Pyrolytic stage evolution mechanism of Zhundong coal based on reaction consistency analysis of mono/multi molecular models

Abstract

Zhundong coalfield is the largest coalfield in China and the unclear stage evolution mechanism of Zhundong coal pyrolysis is the key factor restricting its coal fire control. Here, the monomolecular model (299 atoms) and large-scale multimolecular model (5083 atoms) were constructed for Liu huanggou (LHG) coal from Zhundong coalfield. The pyrolysis processes of the two models were calculated by ReaxFF MD method.

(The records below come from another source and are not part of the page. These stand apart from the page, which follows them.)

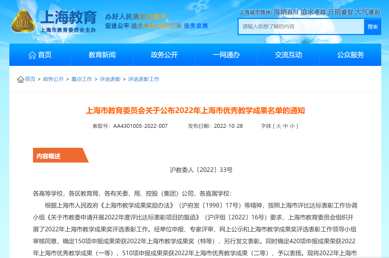 本网讯 近日,《上海市教育委员会关于公布2022年上海市优秀教学成果奖名单的通知》(沪教委人[2022]33号),正式公布了2022年上海市级教学成果奖评审结果。经单位申报、专家评审、网上公示和上海市教学成果奖评选表彰工作领导小组审核等程序,共评选出特等奖150项,一等奖420项,二等奖510项。我校共荣获上海市级教学成果奖12项,其中作为第一完成单位荣获特等奖2项,一等奖4项,二等奖5项;作为合作完成单位荣获一等奖1项。覆盖高等教育、基础教育和职业教育所有层次,获奖总数取得历史性突破。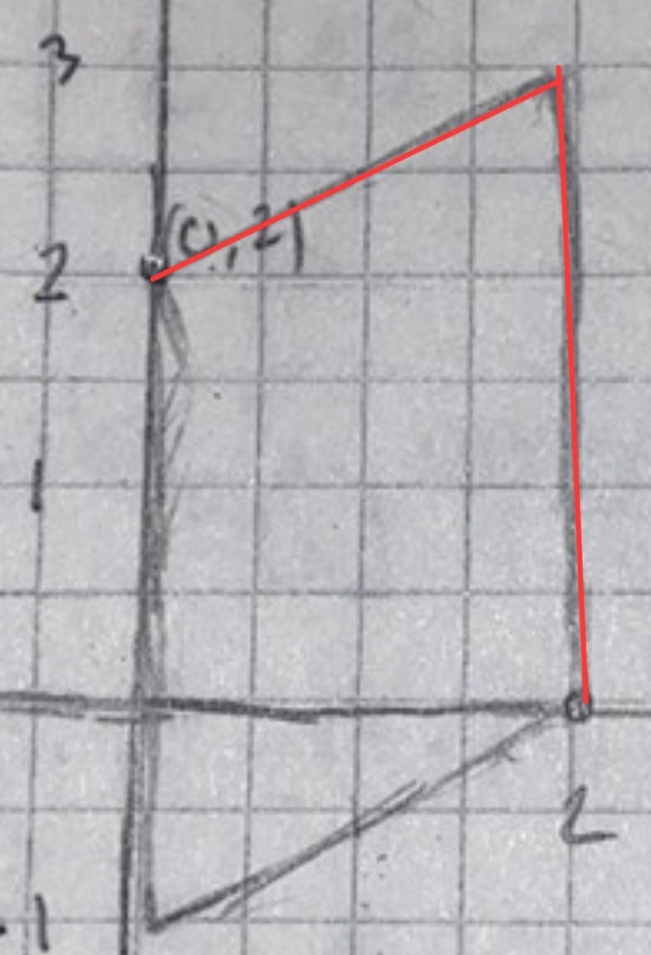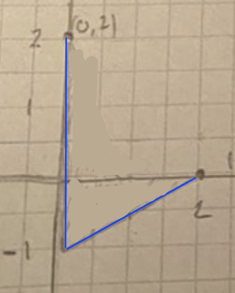 Jag vet att jag har koordinaterna (2, 0) och (0, 2), men efter det sitter jag fast. Vad är nästa steg? Kan vi ta detta steg för steg tills jag löser det?
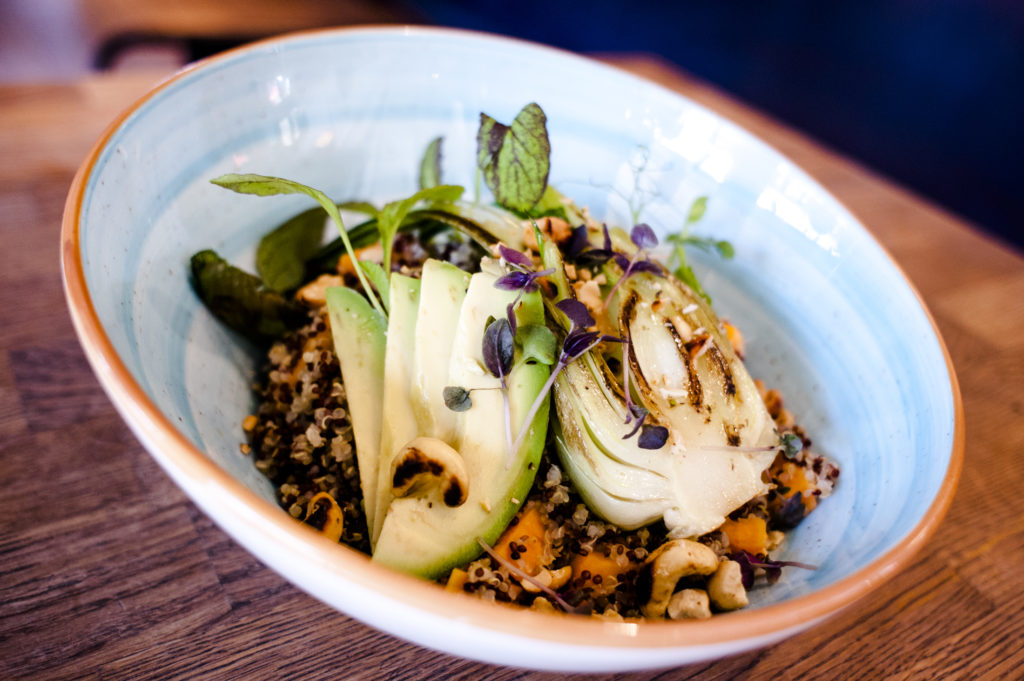 Éles szeműeknek feltűnhetett, hogy eddig húsnehéz fogásokat említettünk, de a 4BRO természetesen a vegetáriánusokra is gondol. Ennek ékes bizonyítéka egy igazi superfood, a kókusztejben főzött quinoa édesburgonyával, kínai kellel, avokádóval és pirított kesudióval. Annyira rostgazdag, hogy valószínűleg nincs az a radikális egészségsznob, aki ne csettintene elismerősen.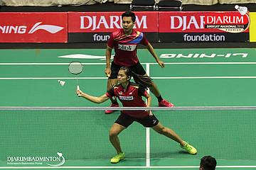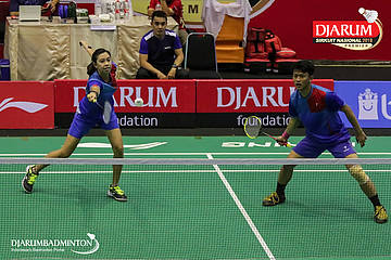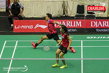 M. Robby Darwis dan Rahmadhani Hastiyanti Putri (Sangkuriang Graha Sarana PLN Bandung+PB Djarum, Kudus) berusaha mengembalikan shuttlecock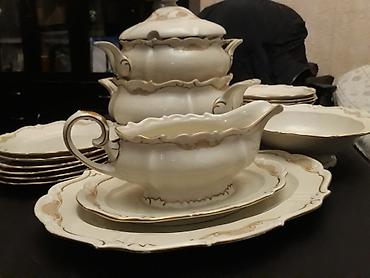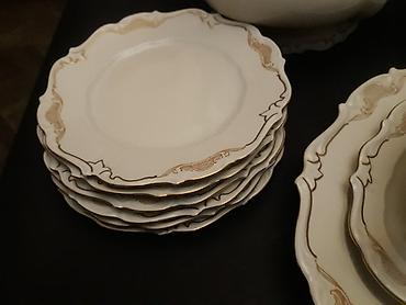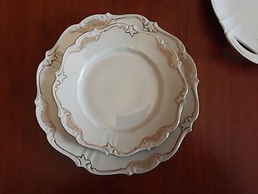 Çiçək naxışlı farfor süfrə dəsti - Material: nazik farfor/porseleyn - Rəng: ağ əsas, çoxrəngli (pastel) güllü naxışlar, kənarlarda incə bozumtul xətkeş - Üslub: klassik/retro, dalğalı kənarlı form...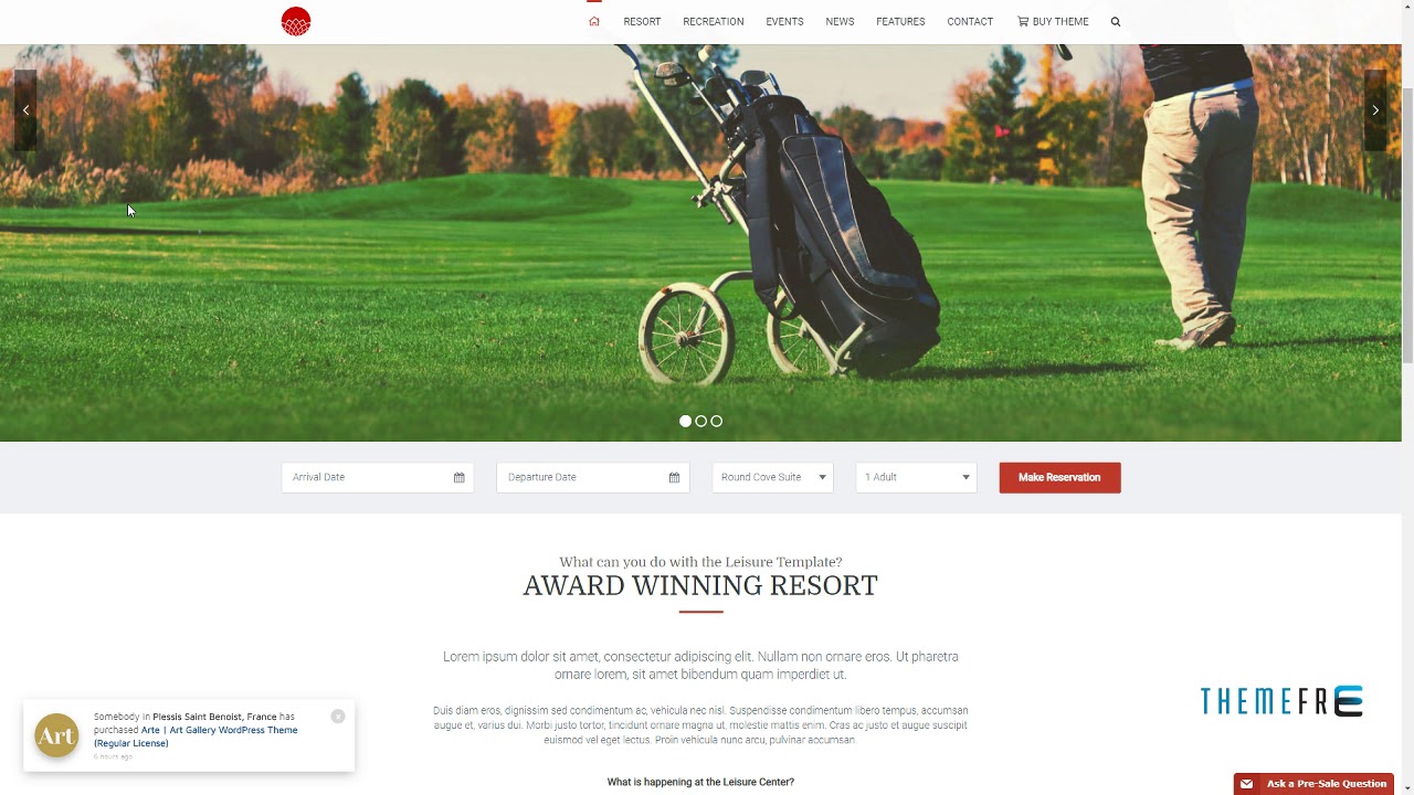 سيسمح لك المكون الإضافي المجاني في موضوع الجولف هذا بحجز المواعيد لـ WordPress خارج الصندوق. علاوة على ذلك ، يشتمل السمة على مكون إضافي لثورة WordPress.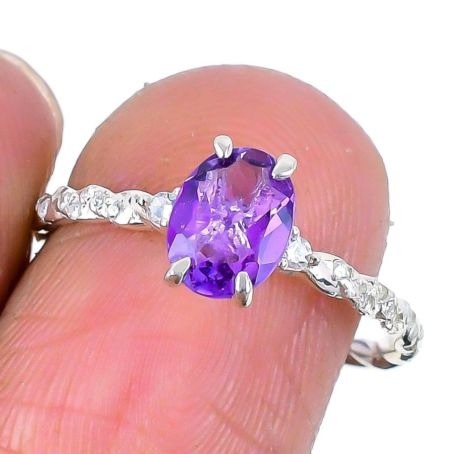 Amethyst Faceted Stone Wedding Statement Ring Jewelry 925 Sterling Silver US 8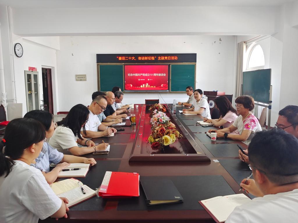 随后,学院党委又组织召开了庆祝中国共产党成立101周年座谈会。会上,彭书记带领大家再次重温了党的光辉历史和伟大成就。各位党员代表则结合个人成长史,就在今后的工作中如何进一步发挥好党组织的战斗堡垒作用和党员的先锋模范作用、如何更好地践行党的群众路线进行了交流发言。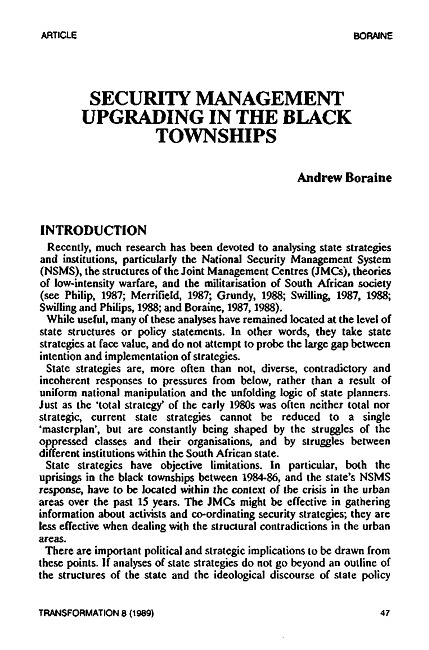 Unlike the conventional wisdom that state incorporationist strategies are irrelevant, author's in-depth study of Mamelodi examines the implications of a shift in state urban strategy.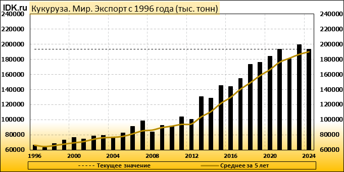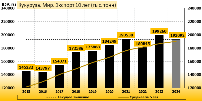 Экспорт: оценивается в 193092 тысячи тонн. За месяц показатель упал на -0.59 процента.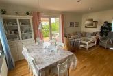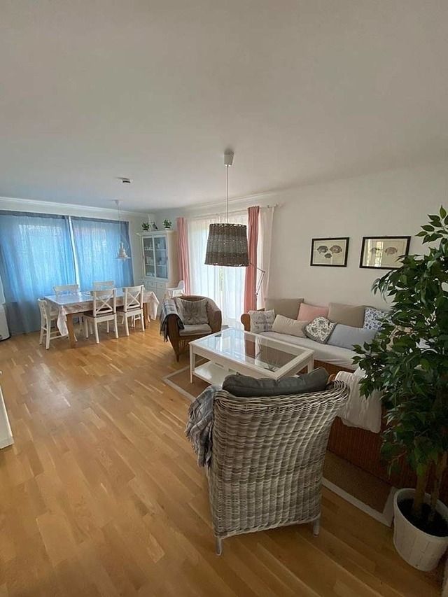 Bereits beim Betreten empfängt Sie eine helle, freundliche Atmosphäre mit liebevoll eingerichteten Wohnräumen und einer harmonischen Mischung aus Gemütlichkeit und Funktionalität. Der großzügige Wohnbereich mit bequemer Sofalandschaft lädt zu entspannten Abenden ein, während große Fenster viel Tageslicht hereinlassen und den Blick ins Grüne freigeben.

Based on the reaction consistency analysis, the reaction paths tracing on pyrolysis stage evolution and toxic gases formation mechanisms were obtained. The LHG coal pyrolysis process is mainly because of the breakages of the ether oxygen bridge bonds, thioether bridge bonds and aliphatic hydrocarbon bridge bonds. It begins with the shedding of small molecules and then undergoes the thermal decomposition of the main structure and pyrolytic fragments. During the pyrolysis process, the LHG coal has constantly broken out tars, gases and other key products, accompanied by a large number of free radicals and intermediates produced. The main sources of CO are the active reaction sites where the carbonyl group and the carboxyl group located; H2S is directly produced from the sulfhydryl group. The research results will guide the staged control and directional transformation of coal fire.